DeepakCarpenter/Immediate Larger Number in swift

## Immediate Larger Number in swift
---------------------------------------------------                     ---------------------------------------------------
---------------------------------------------------  Problem Statement  ---------------------------------------------------
---------------------------------------------------                     ---------------------------------------------------

Given an array A of n elements. Each element of A is an integer between 0 and 9. n <11. Given an integer number K < 1,000,000.

An operation number(A) is defined by concatenating every elements in A from left to right.

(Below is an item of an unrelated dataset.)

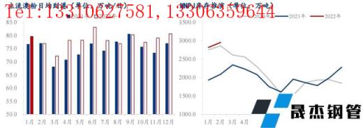 铁矿石疏港:在无缝厚壁钢管厂家复产和节前补库的支撑下,无缝厚壁钢管厂家积极往厂内提货,1月疏港大幅增加。截至1月28日,预计统计中国45港1月疏港量9940万吨,日均疏港环比增加33.8万吨/天至320.6万吨/天,增幅11.2%。本月疏港增量主要集中在华北和华东地区,从1月28日的最新数据来看,华北地区日均疏港已经较上月底增加18万吨/天,华东地区较上月底增加6万吨/天。下月来看,一方面春节期间无缝厚壁钢管厂家提货下降,另一方面限产加严后抑制部分疏港,整体疏港将会出现明显减量。

For example, if A = [0, 3, 2] then number(A) = 032

Please find an array B so that number(B) is the smallest possible number that satisfies all of the following conditions:
. Array B is a permutation of array A
. number(B) > number(A)
. number(B) is divisible by K


Solution with K=10.
B = [2, 3, 0]

Input: has 2 lines. The first line contains elements of an array A, which are separated by a single space. The second line contains the number K.

Output: Print out the array B, each number is separated by a space. If B doesn't exist, return a string NONE

For example:

Input:
0 3 2
10

Output:
2 3 0

Please implement this program in your preferred programming language and have unit tests for all cases you can think of. Thank you for your participation.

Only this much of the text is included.